**SOURCE DATA**
####################

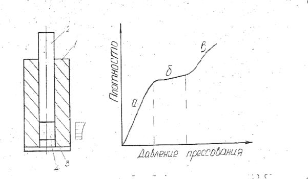 При прессовании, происходящем в закрытом объеме (рис.6) возникает сцепление частиц и получают заготовку требуемых формы и размеров. Такое изменение объема происходит в результате смещения и деформации отдельных частиц и связано с заполнением пустот между частицами порошка и заклинивания - механического сцепления частиц. У пластичных материалов деформация возникает вначале у приграничных контактных участков малой площади под действием огромных напряжений, а затем распространяется вглубь частиц.
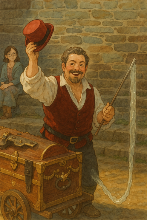 Vitalis, le magicien des bulles, déambule au rythme du vent avec sa roulotte musicale, accompagné de son fidèle complice, Jolie Cœur, un petit singe farceur et attachant.
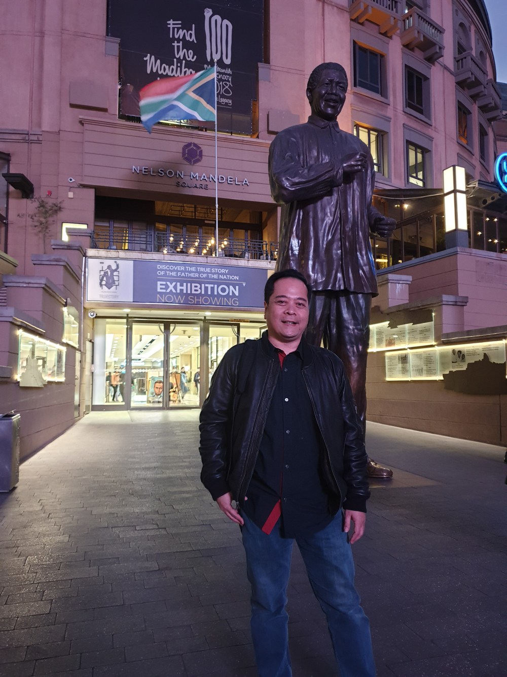 Dari museum Apartheid kami menuju Mandela Square, kawasan plaza di tengah pusat perbelanjaan. Disini ada patung besar Nelson Mandela, pejuang apartheid dan mantan presiden Afrika Selatan. Di kawasan ini juga ada Hard Rock Cafe Johannesburg. Sehari penuh berkeliling Soweto-Johannesburg cukup rasanya untuk melihat landmarks kota ini. Jam 10 malam, saatnya kembali ke hotel untuk beristirahat, sebelum pulang ke Jakarta

####################

**TASK GOAL**
Once the pictures are set aside, give the rest of the material again unchanged.

**TASK SOLUTION**
 При прессовании, происходящем в закрытом объеме (рис.6) возникает сцепление частиц и получают заготовку требуемых формы и размеров. Такое изменение объема происходит в результате смещения и деформации отдельных частиц и связано с заполнением пустот между частицами порошка и заклинивания - механического сцепления частиц. У пластичных материалов деформация возникает вначале у приграничных контактных участков малой площади под действием огромных напряжений, а затем распространяется вглубь частиц.
 Vitalis, le magicien des bulles, déambule au rythme du vent avec sa roulotte musicale, accompagné de son fidèle complice, Jolie Cœur, un petit singe farceur et attachant.
 Dari museum Apartheid kami menuju Mandela Square, kawasan plaza di tengah pusat perbelanjaan. Disini ada patung besar Nelson Mandela, pejuang apartheid dan mantan presiden Afrika Selatan. Di kawasan ini juga ada Hard Rock Cafe Johannesburg. Sehari penuh berkeliling Soweto-Johannesburg cukup rasanya untuk melihat landmarks kota ini. Jam 10 malam, saatnya kembali ke hotel untuk beristirahat, sebelum pulang ke Jakarta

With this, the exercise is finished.